Reputation: 73
I would like to know how can I draw a ROC plot with R. I have created a logistic regression model with k-fold cross validation.
dt3
- main dataset
dt3Training
- training split made from main dataset
dt3Test
- test split made from main dataset
Below is the code that used for logistic regression:
ctrl<- trainControl (method="repeatedcv", number = 10, repeats =5, savePredictions="TRUE"
modelfit <- train (Attrition~., data=dt3, method="glm", family="binomial", trControl=ctrl)
pred = predict (modelfit, newdata=dt3Test)
confusionMatrix(data=pred, dt3Test$Attrition)
My problem is that, pred
does not show up as a prediction, instead it shows as a data table. Therefore below code gives an error.
perf1 <- performance(pred,"tpr","fpr")
plot(perf1)
I would be really grateful if you can help me with this.
UPDATE: After viewing k-fold cross validation - how to get the prediction automatically? I changed my code to below:
library("caret", lib.loc="~/R/win-library/3.4")
load (df) ## load main dataset "df"
tc <- trainControl("cv",10,savePred=T) ##create folds
(fit<-train(Attrition~.,data=df,method="glm",family="binomial",trControl=tc)) ##train model, predict Attrition with all other variables
I would like to try code below by Claus Wilke however I got confused as I only have my main data (df) and my model (fit).

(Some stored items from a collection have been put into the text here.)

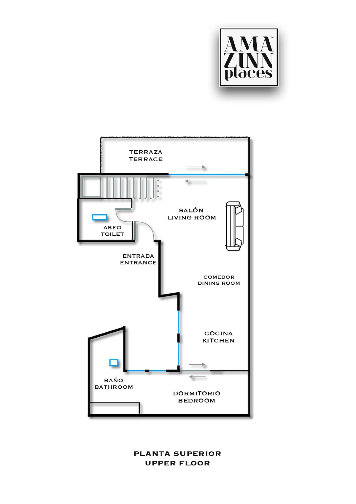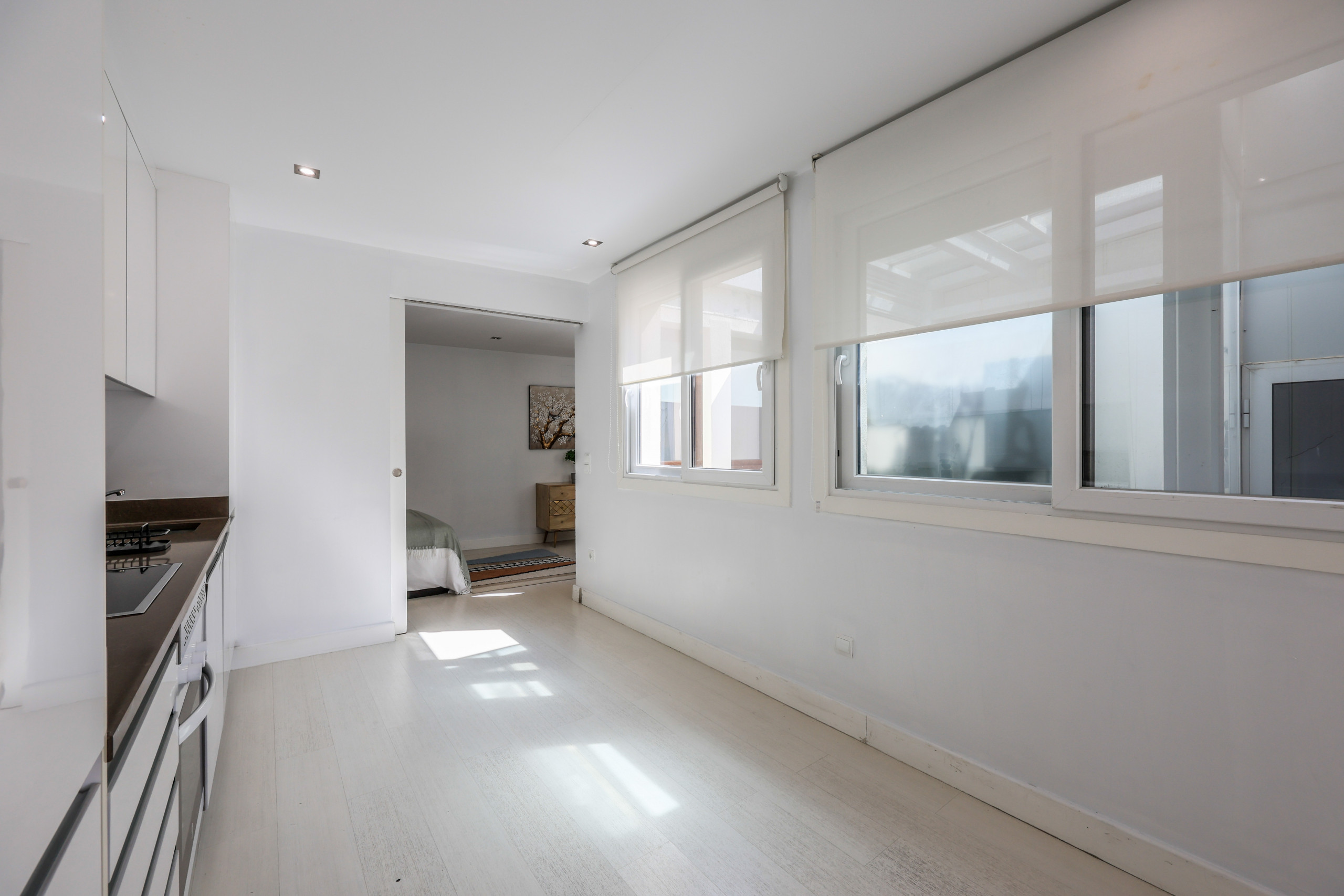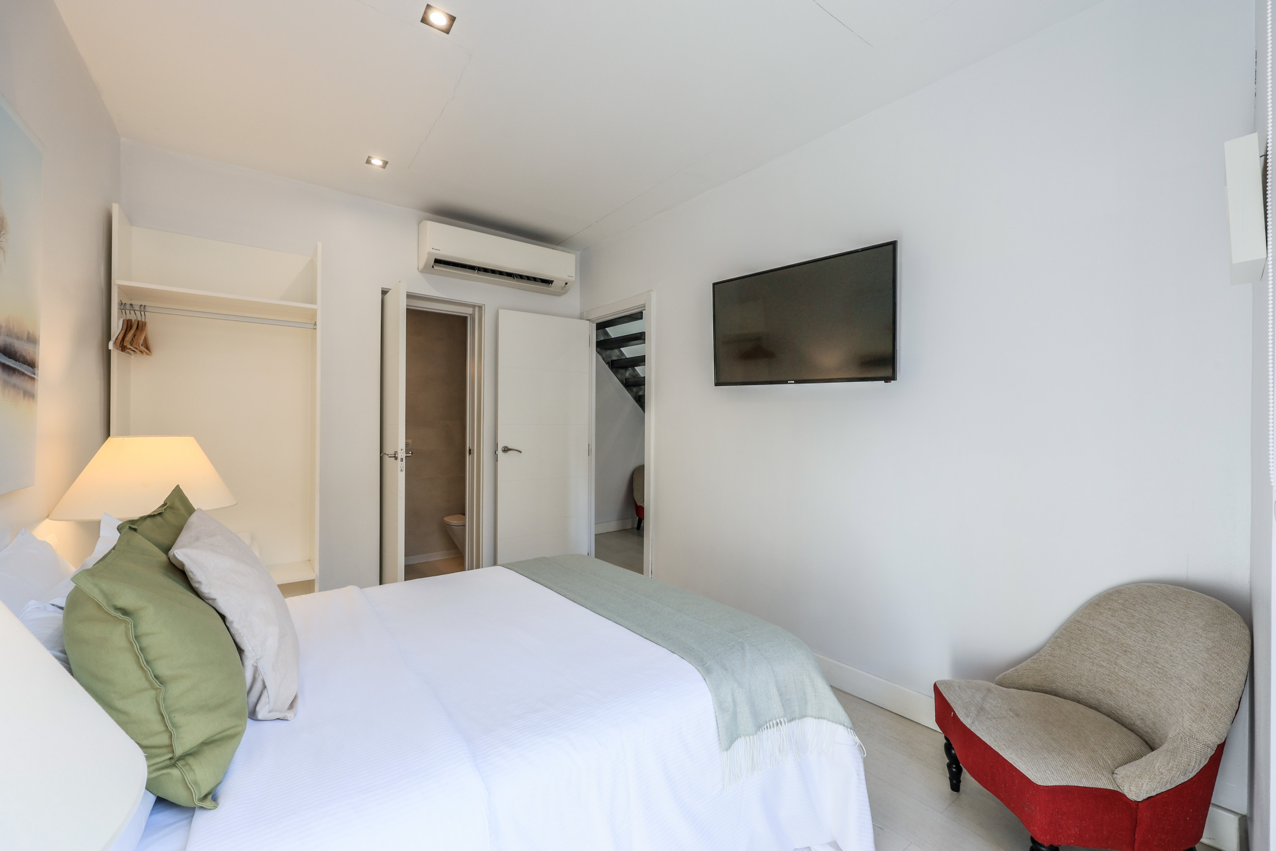 It has access from the main hall through some stairs where you will find a beautiful living room, next to a second room with a double bed (1.35cm) totally exterior and a fully equipped private bathroom.
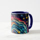 Sip your favorite drink while gazing into the cosmos with this stunning galaxy-inspired mug. Featuring a mesmerizing spiral of vibrant blues, fiery oranges, and deep purples, this design resembles a beautifully layered papier-mâché nebula. Scattered golden stars add a celestial charm, making this mug perfect for space lovers, dreamers, and artists. Crafted for comfort and durability, it's ideal for coffee, tea, or any cosmic concoction!
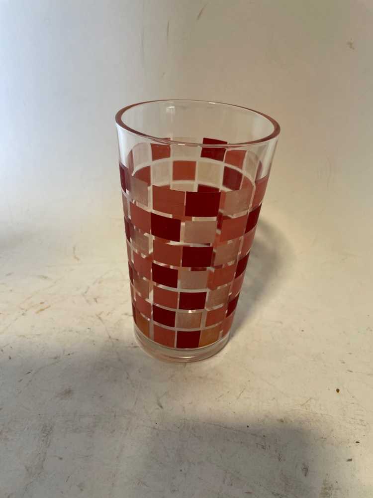 Red And Pink Checkered Glass Vintage
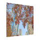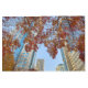 紅葉に囲まれた街並みの低角度な景色を写し鮮やか取る。赤と黄色のラデンを持つ木の枝離れが、青い空に対して自然なアーチ澄んを作る。背の高いモダン建物が背景に立ち上がり、太陽の光を反射してガラスが見える。
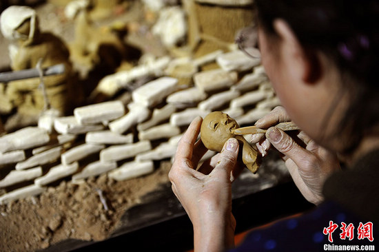 11月7日,第八屆北京文博會在北京國際展覽中心正式開幕。本屆文博會以“促進文化貿易 加快經濟升級”為主題,安排了六大系列100余場活動,設置16個主題展區,1800多家來自國內外的文化創意企業參展。圖為泥塑藝人正在趕制摔壞的人物。中新網記者 金碩 攝
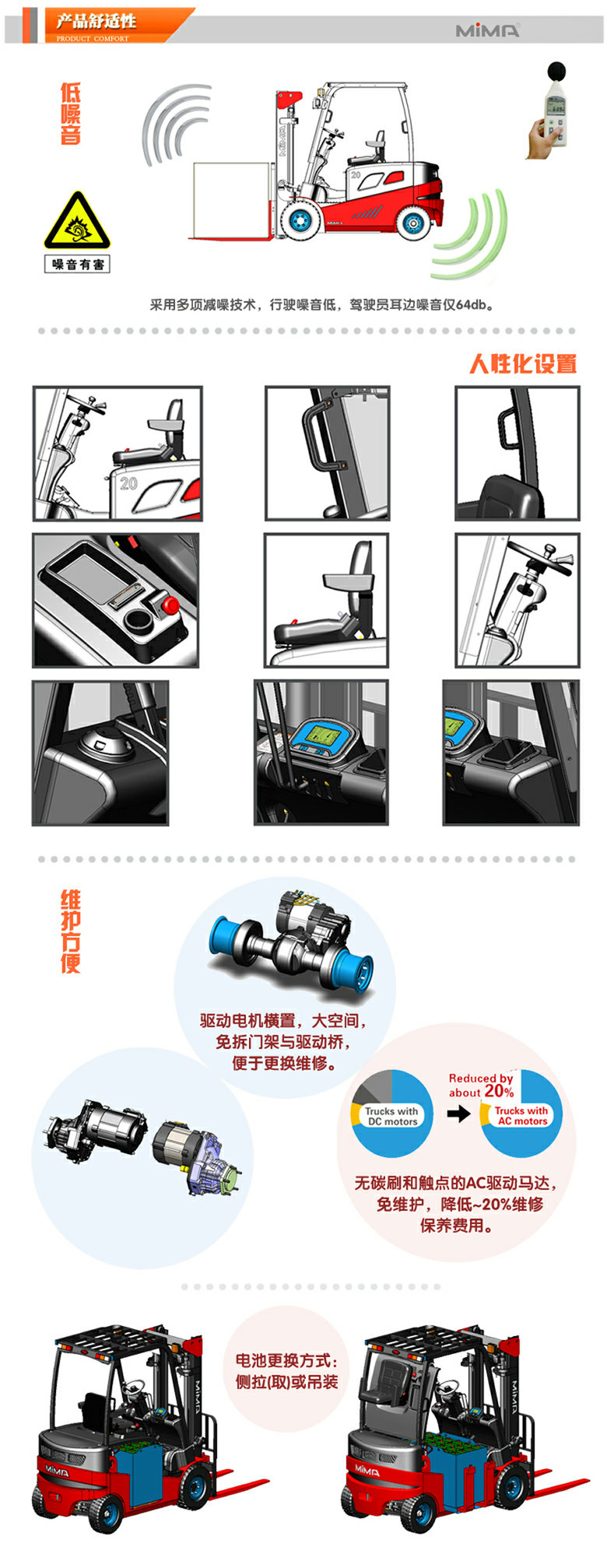 優(yōu)良的產(chǎn)品性能 1 依照歐洲標準ENSIP EN-ISO 5353中關(guān)于SIP要求設(shè)計的叉車駕駛室,讓操作更舒適; 2 多功能LCD數(shù)字控制儀表具有運行時間顯示、故障代碼顯示、蓄電池顯示、低電壓警示閃
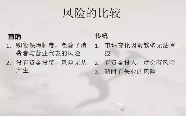 直銷工作:相對較低,公司有終身教育培訓(xùn)。
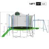 The trampoline features Safeseal System that includes a 360-degree safety net securely attached to the jumping mat, a full enclosure with a zipper door, and a rust-resistant steel ladder for easy access. Additional features include a basketball goal, swing, and plastic slides for added entertainment. The trampoline is designed to be easy to assemble, although it is recommended that two or more people work together. Overall, the 12FT trampoline offers a premium bouncing experience, built with durability in mind, and fun for the whole family.
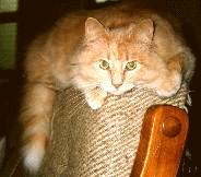 Dayglo is a ginger tabby (born January 2000) and the other is Ebony, Genghis' mum who has been retired from the cattery.
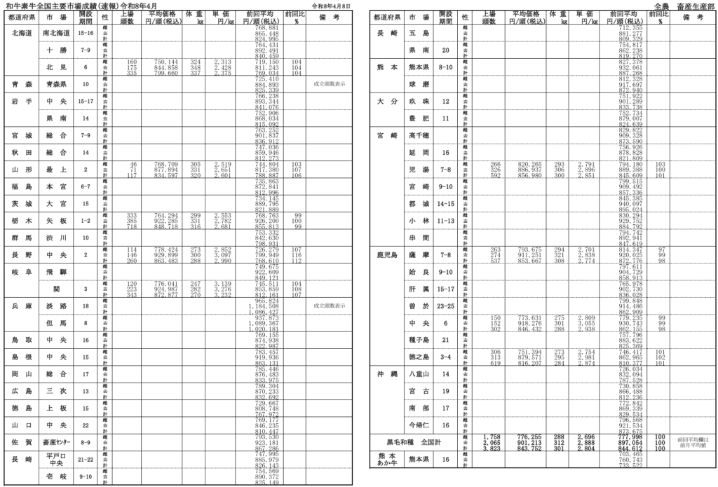 全農によると、令和8年月4月8日時点での全国主要市場取引状況の前月比はそれぞれ、牝100%、雄100%です

data.frame(predictor = predict(fit, df),
known.truth = fit$Attrition,
model = "fit")
or
data.frame(predictor = predict(fit, tc),
known.truth = tc$Attrition,
model = "fit")
Sorry if I am asking a really stupid question, but I don't have much time left for my project to finish. And I don't have previous experience with R.
Upvotes: 1
Views: 8103
Reputation: 73
I found a way to plot a ROC curve - I will write down the code from very beginning - creating the model then the ROC curve:
Creating logistic regression with k folds:
library("caret", lib.loc="~/R/win-library/3.4")
load (df)
## load main dataset "df"
tc <- trainControl("cv",10,savePred=T)
##create folds
(fit<-train (Attrition~.,data=df,method="glm",family="binomial",trControl=tc))
##train model, predict Attrition with all other variables
For the ROC Curve:
library(ggplot2)
library(ROCR)
predict0 <- predict(fit, type = 'raw')
ROCRpred0 <- prediction(as.numeric(predict0),as.numeric(df$Attrition))
ROCRperf0<- performance(ROCRpred0, 'tpr', 'fpr')
plot(ROCRperf0, colorize=TRUE, text.adj=c(-0.2,1.7))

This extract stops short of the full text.